O’Brien agrees with Schintgen that the fundamental ideas behind “What Makes A Baby” are morally problematic. “As described, the program is full of distortions and outright falsehoods about what constitutes the nature of love, the nature of fruitfulness, and the responsibility that always must accompany the commitment to love.”

O’Brien argues that a child learning through Silverberg’s book that he or she was the product of technology, not the fruit of the loving union of his mother and father could begin to doubt his self-worth. “A child born from in vitro fertilization arrives at birth only at the cost of the death of dozens of his brothers and sisters.
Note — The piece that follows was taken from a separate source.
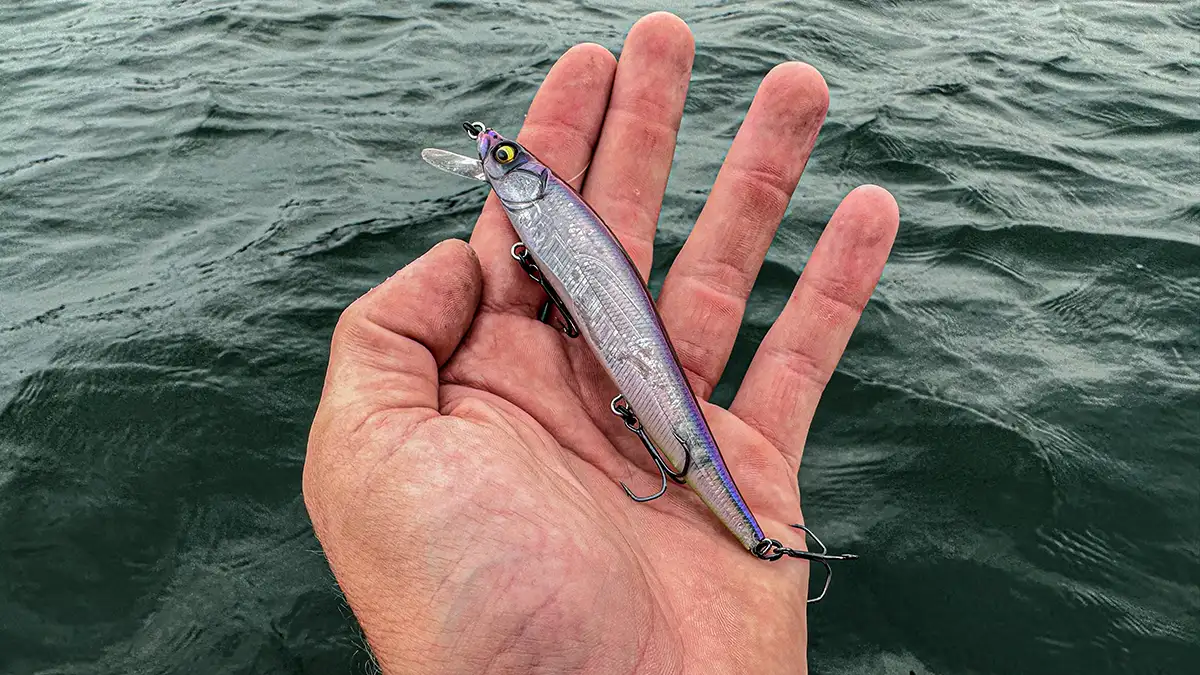 When fishing deeper water, I tend to opt for the Megabass Vision 110+1. This bait has a larger bill allowing it to dive to deeper depths while still maintaining its erratic action. This bait also suspends perfectly and can reach depths of 8-12-feet depending on your line size. When fishing these deeper diving jerk baits, I will often add bigger hooks allowing the bait to slowly sink. The larger hooks add more weight to the bait causing it to turn from a suspending jerkbait into a slow sink. This also helps with keeping fish from straightening out your hooks when fighting a larger sized bass.

As that child grows and comes to understand his origins, what will he feel about the deaths of his siblings? If his parents can kill them because they are supposedly not human, how secure will he feel?”

“No amount of sociological tinkering and feel-good projects such as this one will change our nature. A child with ‘two Moms’ or ‘two Dads’, or any other artificial configuration of family, may feel loved on a certain level, for a time, but he or she will also suffer serious harm on a deeper level. At the very least he will experience a significant lack within himself,” said O’Brien.

Silverberg told Good Vibrations magazine that he is already “working on a few plans to increase access to the book both in alternative formats but also by having a significant number of books that can be donated right away to shelters, bookmobiles, LGBTQ parenting groups, libraries, and community organizations, all places that often don’t have the money to buy beautiful books.”

O’Brien said that a “book that propagandizes children by striving to make them feel comfortable with the profoundly disordered, by saying that dysfunction is not dysfunctional, that it is normal, is short-range kindness resulting in long-range cruelty.”

“By all means, let there be no unkindness to children. But let us also recognize that authentic life-giving love cannot be built upon a lie. It’s the children who pay the price for our lies. Band-aid efforts like this book are not going to heal children because the bandaid itself is part of the disease.”

Cardinal Joseph Ratzinger, now Pope Benedict XVI, while the prefect for the congregation for the Doctrine of the Faith wrote in Donum Vitae that the child “has the right to be conceived, carried in the womb, brought into the world and brought up within marriage: it is through the secure and recognized relationship to his own parents that the child can discover his own identity and achieve his own proper human development. … For this reason, the child has the right, as already mentioned, to be the fruit of the specific act of the conjugal love of his parents”.